Adding Bristol-Myers-Squibb‘s Opdivo (nivolumab) to a regimen of radiation therapy and chemotherapy is safe in patients with newly diagnosed advanced head and neck cancer, a Phase 1 clinical trial shows.
Researchers presented the results at the Multidisciplinary Head and Neck Cancers Symposium in Scottsdale, Arizona, Feb. 15-17. The title of the presentation was “Safety evaluation of nivolumab (Nivo) concomitant with platinum-based chemoradiotherapy (CRT) for intermediate (IR) and high-risk (HR) local-regionally advanced head and neck squamous cell carcinoma (HNSCC): RTOG Foundation 3504.“
“Patients diagnosed with cancers in the mouth and throat often are diagnosed at advanced stages of disease and relapse within two years,” Dr. Maura Gillison, the study’s lead author, said in a press release.

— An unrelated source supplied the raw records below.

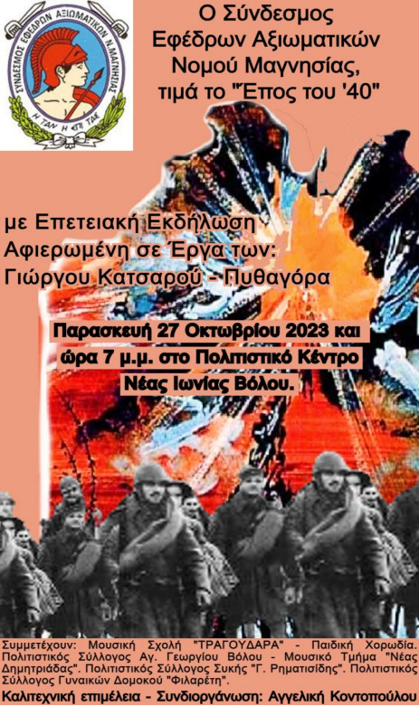 Ο Σύνδεσμος Έφεδρων Αξιωματικών Νομού Μαγνησίας, τιμά το «Έπος του ’40» διοργανώνοντας ένα μελωδικό ιστορικό Αφιέρωμα εμπνευσμένο από έργα των Γιώργου Κατσαρού και Πυθαγόρα την Παρασκευή 27 Οκτωβρίου στις 7 το απόγευμα στο Πολιτιστικό Κέντρο Νέας Ιωνίας.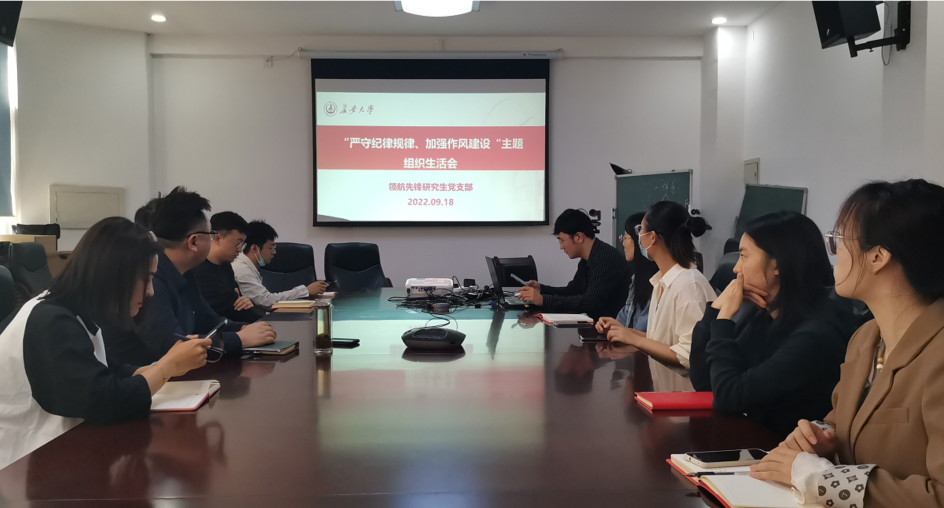 为深入开展党性教育,进一步引导学生党员坚定信仰信念信心,2022年9月18日上午11:00,澳门娱乐城 领航先锋党支部于澳门娱乐城 211会议室召开了以“严守纪律规矩、加强作风建设”为主题的组织生活会,支部全体党员参会,澳门娱乐城 党委副书记雷剑列席会议,本次会议由支部副书记李泽主持。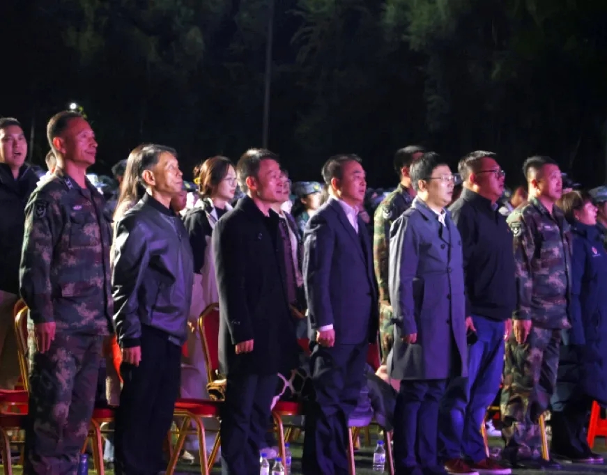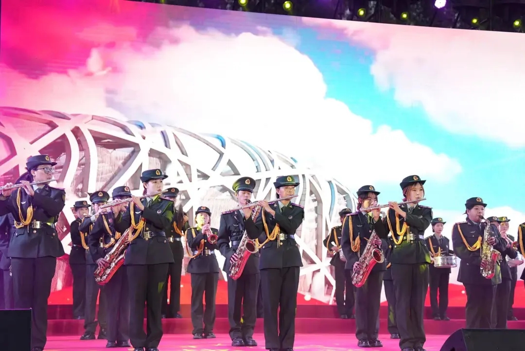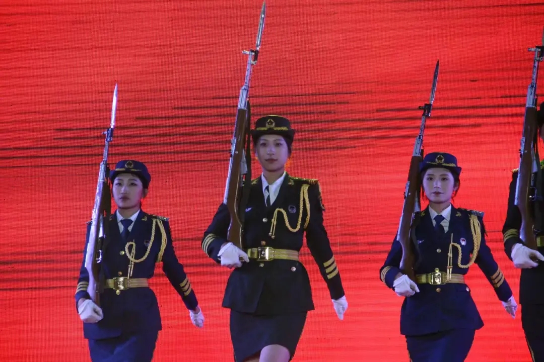 大学生艺术团军乐团演奏国歌开场,当国歌那激昂的旋律奏响,全场目光齐聚。国旗护卫队迈着整齐划一、铿锵有力的步伐迎国旗出场。他们身姿挺拔,目光如炬,每一步都带着对祖国的忠诚与敬意,震撼着人们的心灵。

The research team had previously discovered that Opdivo improves the survival of head and neck cancer patients whose disease returned after platinum chemotherapy, Gillison said. “Thus, we are compelled to evaluate whether adding immunotherapy to the initial treatment of head and neck cancer could prevent these relapses from happening.”
The RTOG Foundation 3504 study (NCT02764593) assessed the safety and feasibility of adding Opdivo to a regimen of radiation and Platinol (cisplatin) chemotherapy — “a treatment that is already quite taxing for patients due to side effects,” Gillison said.
The trial covered 20 patients with newly diagnosed head and neck squamous cell carcinoma, or HNSCC. Their median age was 56 years. Sixty-five percent had an intermediate-risk disease, and 35 percent a high-risk form.
Eighty percent of the participants had an advanced stage of the disease, and 55 percent were former smokers. Patients took Opdivo and radiation therapy with either high-dose Platinol or weekly administrations of it.
“We found that it is possible to add [Opdivo] immunotherapy to cisplatin treatment without compromising radiation delivery, and patients were also able to tolerate continuing immunotherapy for up to a year,” the researchers wrote.
All patients were able to complete radiation therapy. In addition, 15 of the 17 patients whom researchers were able to evaluate took at least 70 percent of their prescribed dose of platinum chemotherapy. Most patients were able to continue on Opdivo after their first-line treatment.
Patients tolerated Opdivo well, with none experiencing dose-limiting toxicities. Two patients had to discontinue Platinol for reasons unrelated to Opdivo. In addition, three patients had to discontinue their immunotherapy due to blurred vision, diarrhea, and joint pain, which are known side effects of Opdivo.
Some of the patients who were taking Platinol weekly experienced severe, but not life-threatening events due to Opdivo. They included decreased white blood cell count, loss of appetite, fatigue, and adrenal insufficiency, or the adrenal glands failing to produce enough hormones.
In the high-dose Platinol group, severe events associated with Opdivo included one case each of diarrhea, an elevated level of the enzyme amylase, and an elevated level of the enzyme lipase.